Optimize prompts before they cost you.

Promptimize is a developer-first AI cost intelligence platform. It instruments your codebase for expensive LLM prompts, estimates token usage and projected spend, rewrites prompts to be leaner without losing intent, and surfaces everything through a VS Code extension, a web dashboard, and a CLI — all in real time.

Built at GDG Hacks 2026.


The Problem

AI applications are easy to ship and hard to control financially. Developers write verbose prompts full of filler phrases and redundant qualifiers, reach for expensive frontier models when smaller ones would do, and batch API calls in loops that multiply cost with every record processed — none of which shows up in a linter or a code review.

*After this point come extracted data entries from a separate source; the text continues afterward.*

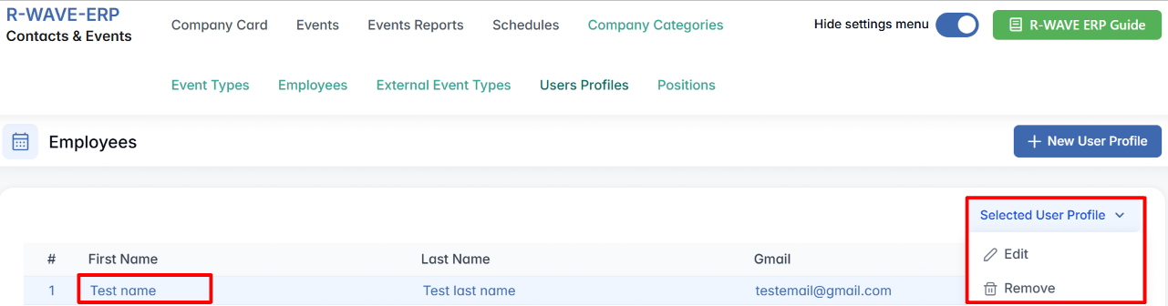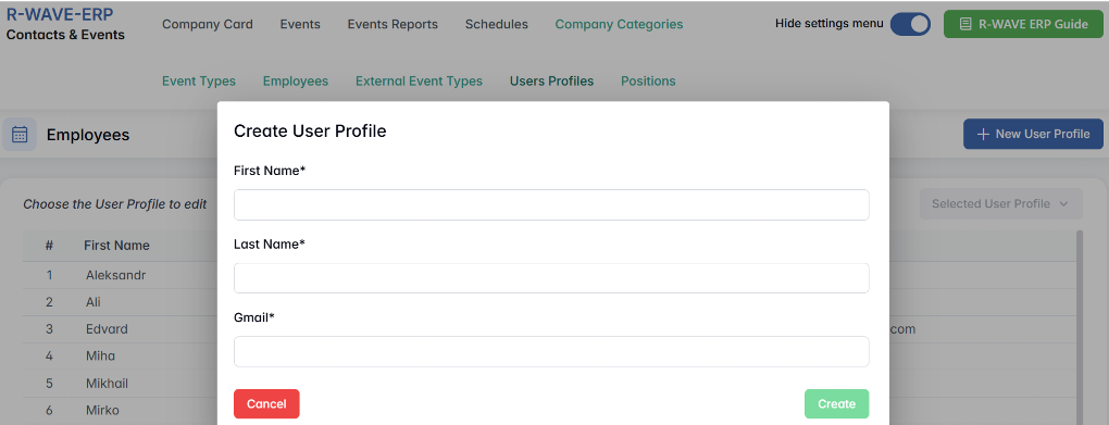 The User Profiles tab allows to register users whose Gmail accounts are used for internal ERP calendar synchronization. These profiles are primarily used to enable automated integration between R-Wave ERP and external Google Calendars for specific event types.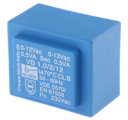 12V ac 2 Output Through Hole PCB Transformer, 1VA [VB 1.0/2/12]; 161-7813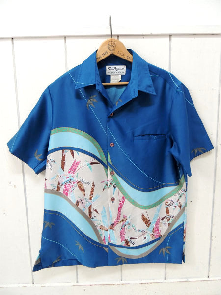 ハワイ・オアフ島で見つけました。今はなきHawaiiの百貨店『リバティ・ハウス×Tori Richard トリ・リチャード社』による和柄(竹・バンブー柄)のヴィンテージ・アロハシャツ   経年による多少のスリキズ・ホコリ等ございます。 シェラトン・木製・アンティークハンガーは付いておりません。 画像(写真)でのご判断を宜しくお願い致します。 大きなダメージはありませんが、USED:古着になりますので ご理解頂ける方のみご購入下さい。 ■Tori Richard For LIBERTY HOUSE ■MADE IN USA  ■素材:100% POLYESTEL ■カラー:ブルー ■SIZE :アロハシャツ【SMALL】 平置き実寸サイズ【着丈 約71.5cm】【肩幅 約45.0cm】【身幅 約55.0cm】【袖丈約24.0cm】 ■プラスチックボタン        ■コンディション:★★★★☆ ※アロハシャツ&ハワイアンシャツ (Aloha shirt) とは、1930年代頃〜パイナップルやフラを踊る女性などのトロピカルなモチーフや、金魚、鶴、虎などのオリエンタルなモチーフ(和柄と呼び)を華やかでカラフルな色彩で染め上げた、シルクやレーヨン、ポリエステル、綿などの生地を用いて作られる開襟シャツの事..。 ■レターパックライト¥360対応可(追跡サービスあり・補償なし) ※ご注文の際、お手数ですがメッセージ欄に『レターパックライト希望』とご記入下さい。新たにお見積もりをメールにてお知らせさせていただきます。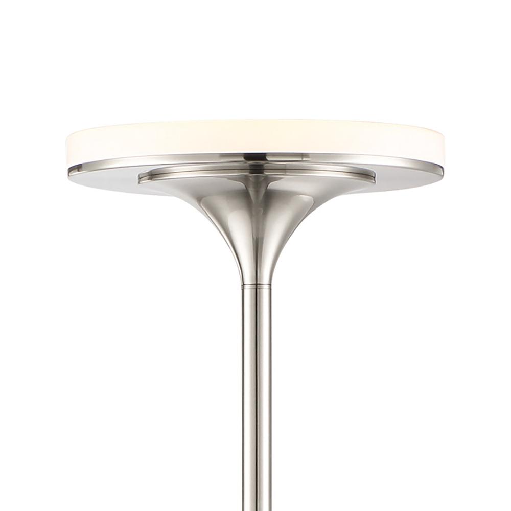 A sleek, flat light with a white acrylic ring diffuser tops this ultra-modern U.H.O. LED Floor Lamps from George Kovacs
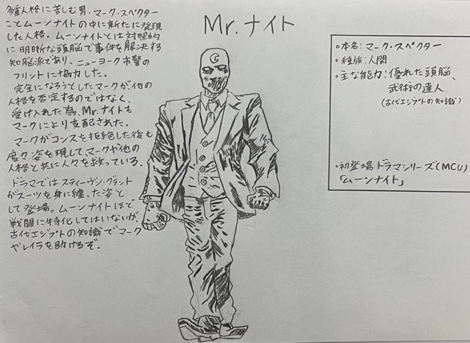 手描きMCUヒーロー列伝Mr.ナイト ・本名:マーク・スペクター ・種族:人間 ・能力:優れた頭脳、武術の達人 ・初登場ドラマ作品(MCU) 『ムーンナイト』 #marvel #illust #ムーンナイト #Mrナイト #芸術同盟 #絵描きさんと繋がりたい #みんなで楽しむTwitter展覧会

A single bloated 400-token prompt used 100,000 times a month on gpt-4-turbo costs:

$$ \frac{400}{10^6} \times $10.00 \times 100{,}000 = $400\text{/month} $$

The same prompt, trimmed to 180 tokens, costs $180/month — a 55% reduction with identical output quality. Promptimize finds and closes that gap automatically.


What It Does

Capability Where
Live token counter + per-call cost estimate VS Code sidebar
Daily budget bar with colour-coded threshold VS Code sidebar
Rule-based prompt optimizer (no API key needed) VS Code sidebar
AI-powered optimizer via vscode.lm (Cursor) VS Code sidebar
Click function name → jump to definition VS Code API Calls tab
14-day cost history graph per codebase Web dashboard
Multi-codebase selector with per-repo filtering Web dashboard
Project memory (context / constraint / preference) Web dashboard
API call log with status, tokens, and cost Web dashboard + sample app
Interactive cost analysis in the terminal CLI

Architecture

promptimize/
├── vscode-extension/          # VS Code / Cursor extension
│   ├── src/
│   │   ├── extension.ts       # Activation, commands, chat participant
│   │   ├── providers/
│   │   │   └── PromptPanelView.ts   # Sidebar webview (optimizer + API calls tabs)
│   │   ├── services/
│   │   │   └── lmOptimizer.ts       # vscode.lm → smart rule-based fallback
│   │   └── api/
│   │       └── backendClient.ts     # FastAPI integration
│   └── dist/extension.js      # esbuild bundle
│
├── web-dashboard/
│   ├── frontend/              # Next.js 14 App Router
│   │   └── app/page.tsx       # Single-page dashboard
│   └── backend/               # FastAPI
│       └── app/main.py        # /optimize, /scan, /memory endpoints
│
├── examples/
│   └── sample-ai-app/
│       ├── app.ts             # Messy task manager + Gemini API calls
│       └── api-calls.json     # Live call log read by the extension
│
└── scripts/
    └── promptimize-cli.js     # Terminal cost analyser

Tech Stack

Layer Technology
VS Code Extension TypeScript, VS Code Extension API, esbuild
Frontend Next.js 14, React, Tailwind CSS, plain SVG
Backend Python 3, FastAPI, Pydantic, Uvicorn
Memory layer Backboard.io
Sample app TypeScript, Node.js, Gemini REST API
CLI Node.js (zero dependencies)

How the Optimizer Works

The extension runs optimization in two layers, falling back automatically:

Layer 1 — vscode.lm Queries whichever AI model Cursor exposes to the extension host. Sends a structured system prompt and expects JSON back: { optimizedPrompt, explanation, savingsPercent }.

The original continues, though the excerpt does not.